Biggart was now prodding the pencil at the sheet in front of him. ‘Discharged from the police. Excessive use of force. Suspect hospitalised for several months. Broken nose. Burst eardrum. Persistent headaches. And you received a jail term. I would say six months in Mt Crawford was rather lenient.’

Dan was startled, but the sergeant was livid. ‘If I could explain, sir,’ he protested.

‘No, you may not. I know all I need to know about you, McCollum. The hostilities saved your bacon, got you this cushy number guarding enemy aliens on Somes. What I need is a straight answer from you as to whether you have had any contact with foreign persons illegally on this island. Well?’

The sergeant met Biggart’s stare. He looked as if he would like nothing more than getting this copper behind the barracks on a dark night. With considerable effort he growled there had been no contact.

Biggart smirked. ‘But you do have an interest in our once and quite likely future enemy?’

‘I don’t know what you mean. I am loyal …’

‘If I may continue. We know you have attended lectures from several gentlemen keen to pass on their admiration for the new Germany.’

‘Yeah, well,’ McCollum said, indignation giving way to surliness. ‘Plenty of people went to hear Professor Maitland and that other chap.’

‘Not all of them signed up to the professor’s mailing list.’

‘I went in me own time.

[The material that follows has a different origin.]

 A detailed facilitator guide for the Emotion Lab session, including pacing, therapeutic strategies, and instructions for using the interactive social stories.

Thought it was a free country. That’s what we was fighting for, wasn’t it?’

‘Some of us,’ Biggart said, pausing. Dan might have thought he was rubbing it in, given McCollum was doing war service guarding German prisoners. The rumours of the unofficial disciplines inflicted by guards at Kultur Bay wiped out any sympathy.

‘So tell me,’ Biggart finally continued. ‘Are you an admirer of Herr Hitler?’

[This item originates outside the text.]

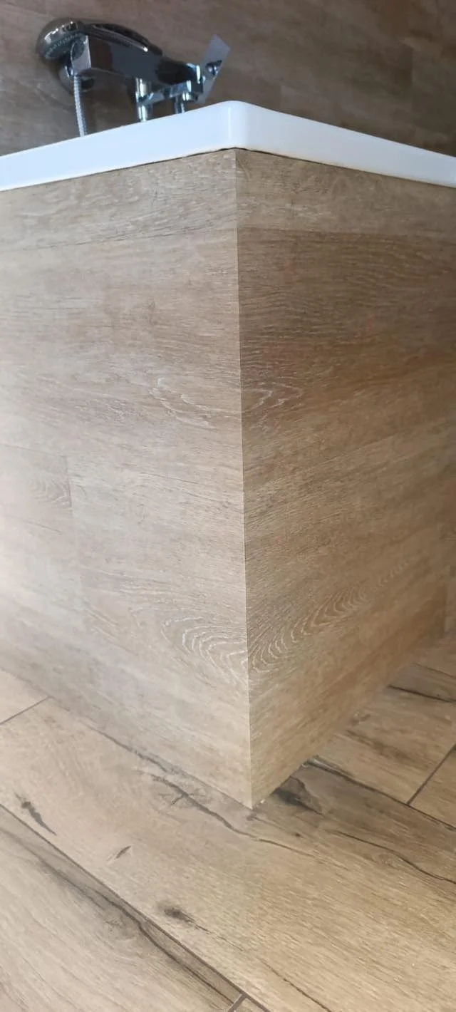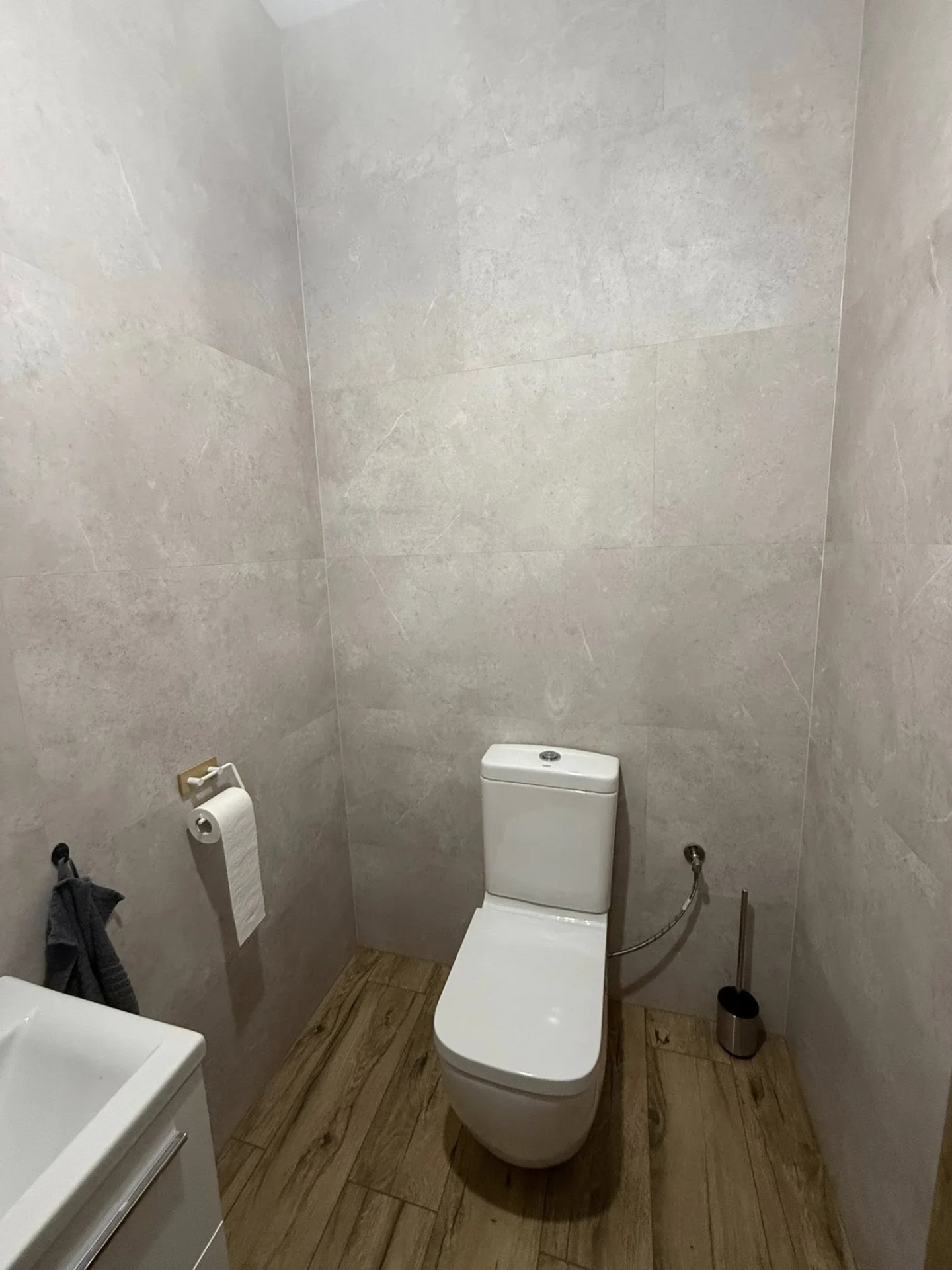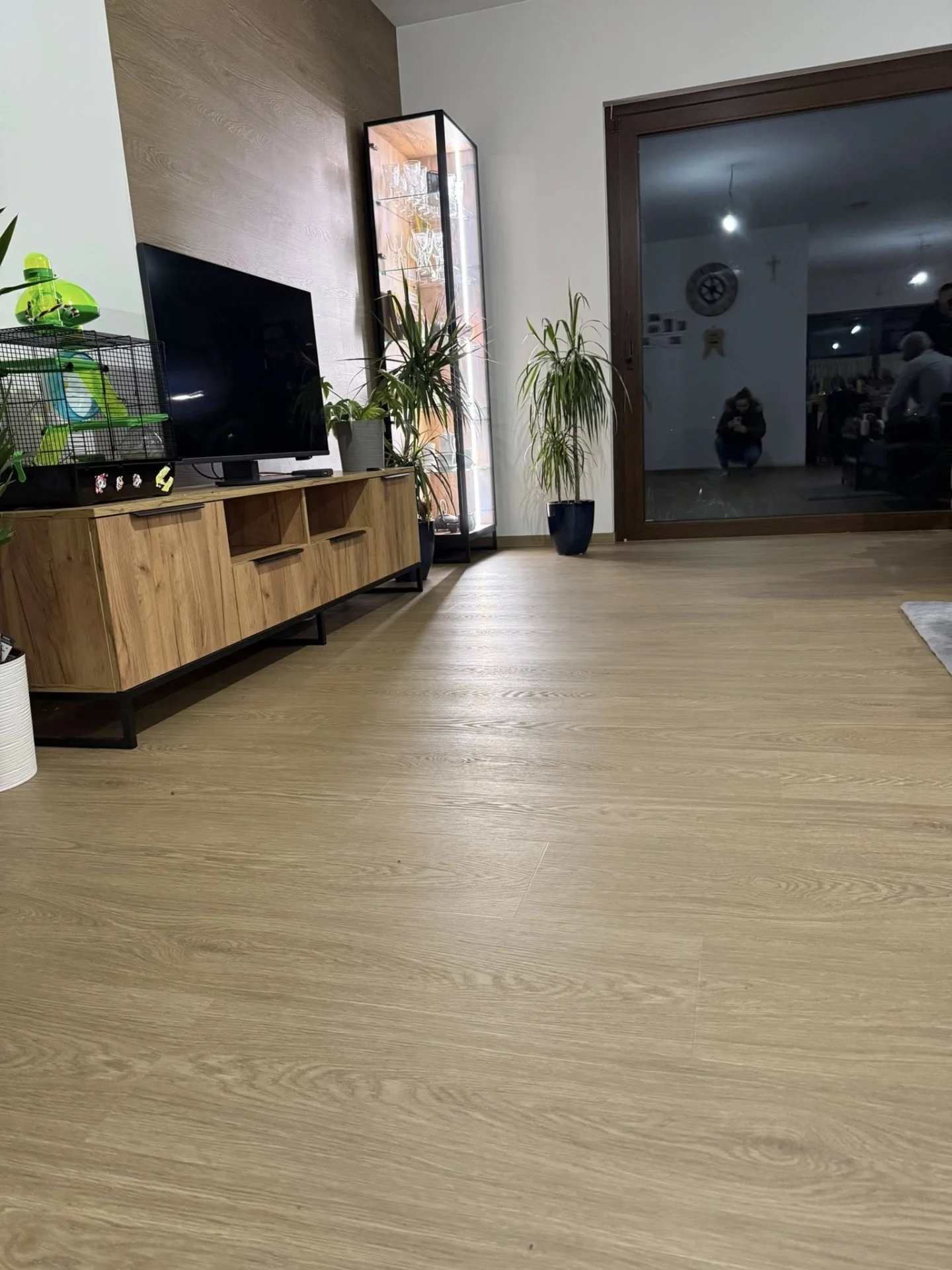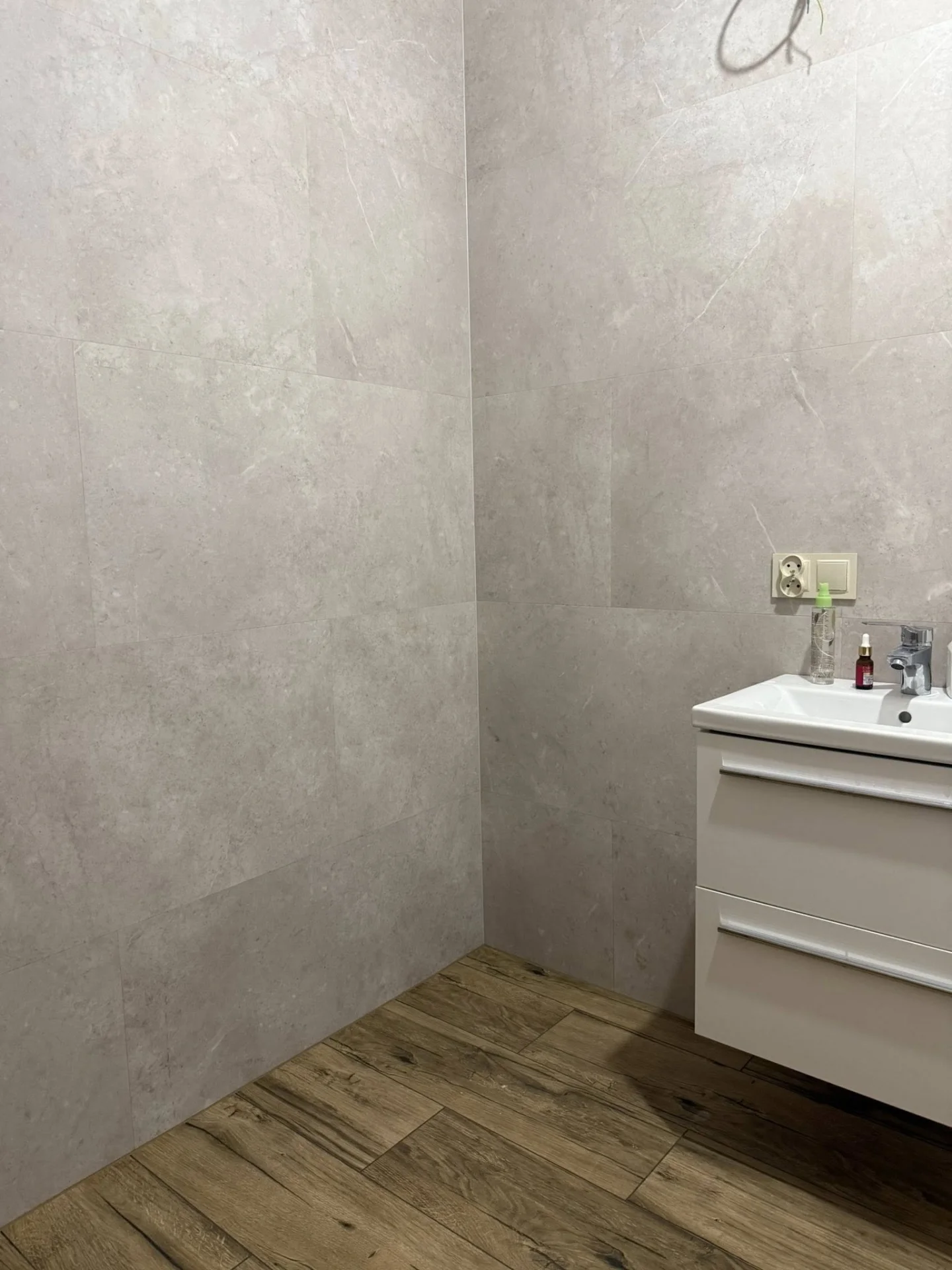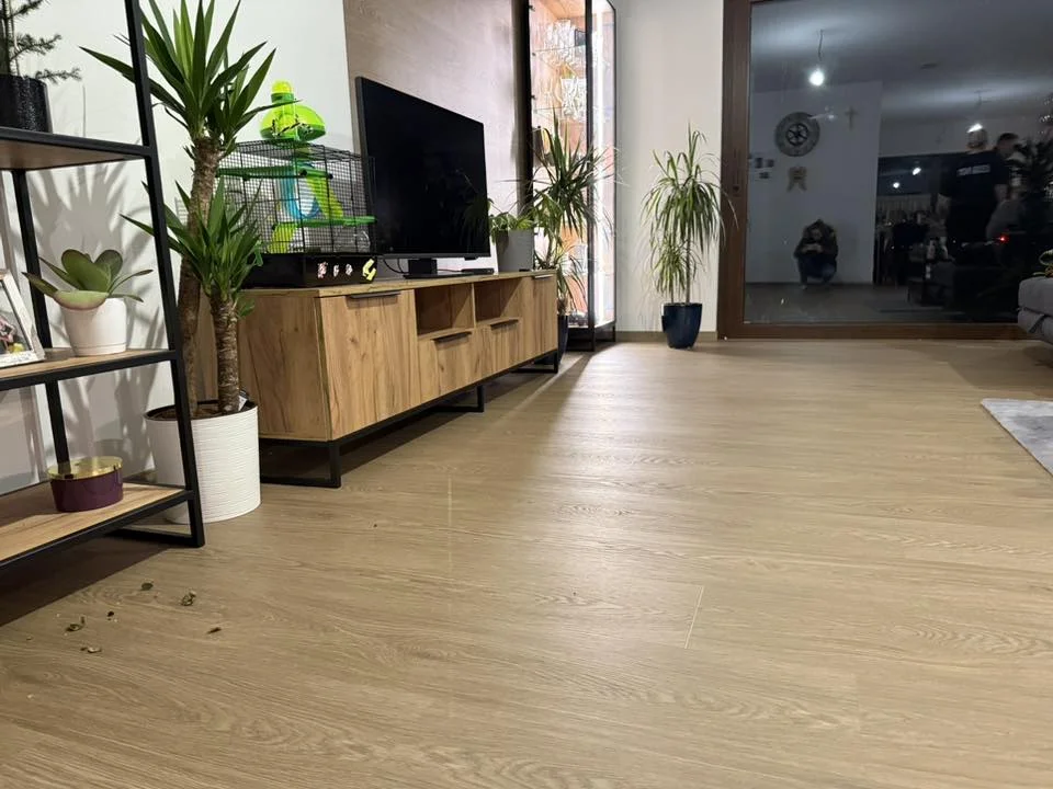 Tym razem nasze prace poszły o krok dalej – panele trafiły nie tylko na podłogi, ale również na ściany w łazienkach, kuchni i salonie. To rozwiązanie pozwoliło stworzyć spójną, nowoczesną aranżację wnętrza, która zachwyca estetyką i funkcjonalnością.

‘I wouldn’t go that far. He’s got the country back on its feet, bit of discipline.’

‘Yes, all right, McCollum, we know what you mean by discipline. I am attempting to find out who on this island is collaborating with certain foreign agents we know have had assistance in their illegal attempts to purloin top secret government property you have been expressly charged with protecting. Someone aided and abetted illegal entry into our Mr Smith’s laboratory. There is somebody on this island colluding with what we believe to be German agents. You are my first choice. Can you tell me anything that would convince me you are not involved?’

‘Don’t know what you mean. Sir.’

‘Find out who is. That would convince me.’

‘Sir?’

‘Whatever it takes, McCollum. Dismissed.’

McCollum had his mouth open, but he said nothing. Biggart was once again studying the file. The sergeant stood, the only sound the chair screeching on the floor. The next sound was the door slammed shut.

A tentative knock was ignored by the inspector. ‘Tell him to wait until sent for,’ Biggart said. ‘I want to have a word with you first.’

When he returned, Dan was motioned to the chair vacated so emphatically by McCollum. Was it his turn for the third degree?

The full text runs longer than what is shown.